Он простер ко мне дрожащие руки.

— С того дня смерть притаилась здесь. В моих руках. Вы этого не видите, но я вижу, нутром чую. Она и туннель — вот что меня погубило. Когда я выйду из тюрьмы, честное слово даю, ноги моей не будет в городе или в каком другом месте, где много людей. Мне нужно отдохнуть…

Пальцы его снова впились в мое плечо.

— Вы думаете, они дадут мне отдохнуть под деревом?

Глава втораяИ судьба играет в кости

Все на свете приедается, и стоит ли тому удивляться, что лет через десять после бешеной пляски смерти в нашем городке благотворительный пыл толстосумов несколько умерился.

Эпидемия чумы давно миновала, и теперь каждый предавался спасительным молитвам, не впадая в прежний экстаз; наконец-то молодежь могла пожить в свое удовольствие, потому что надо пользоваться жизнью, а не коснеть в самоотречении.

По мере того как души людей покрывались корочкой льда, таяли пожертвования.

«Лодка плыла по бурному морю», — говорил Карвальо до О, сторонившийся «Приюта ласточек», где у него произошло крупное объяснение с Силвой Неграном.

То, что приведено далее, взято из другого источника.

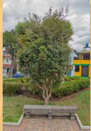
Arrayán ( Myrcianthes hallii )

Ejemplar de una especie con valor ornamental, con ciclo de vida corto que oscila entre los 15 y 25 años. ¿Sabías qué las acacias generan metano en su metabolismo?

Они повздорили из-за того, в какой цвет красить столовую (один ратовал за голубой, другой — за белый), а под конец обрушили друг на друга целый каскад коварных намеков, сдобренных давнишними историями о ловко подцепленном наследстве.

Близился день, когда неумолимый шквал должен был обрушиться на лодку и опрокинуть ее.

Были ли причиной бесславной гибели столь благородного начинания непоседливый нрав Проклятого Младенца или его раннее развитие, отнюдь не соответствующее одиннадцати годам?

Раздувая ноздри, точно охотничий пес, крался он по коридору, благо поблизости не было доны Бранки; ему не терпелось узнать, зачем вызвали Полу Негри в кабинет начальницы. «Они ее накажут? Что она сделала плохого?..» Эти вопросы терзали его, отдаваясь в груди ударами молота.

Пола Негри, пятнадцатилетняя девочка, была, как и он, сиротой и тоже воспитывалась в приюте, — ее прозвали именем кинозвезды, кумира приютских ребятишек. Дочь крестьянина, она унаследовала от отца горделивую непринужденность движений, отчего ее тонкая фигурка казалась еще стройнее. Даже мешковатое, сшитое не по росту платье не могло скрыть ее очарования. Это была черноволосая смуглянка с огромными зелеными глазами, тревожно освещавшими красивое лицо, которому смоляные ресницы придавали пикантную томность. А длинные нервные пальцы Селесте вызывали зависть даже у городских дам, покупавших у нее конфеты.

Буфетом в кино ведали приютские (все не даром хлеб едят!), и она стояла за прилавком, улыбающаяся и счастливая, привлекая мужчин, которые и зимой охотно пили прохладительные напитки. Она пользовалась успехом, и потому ей нередко попадало на орехи от других девушек; или виной тому была затаенная неприязнь к «Приюту ласточек»?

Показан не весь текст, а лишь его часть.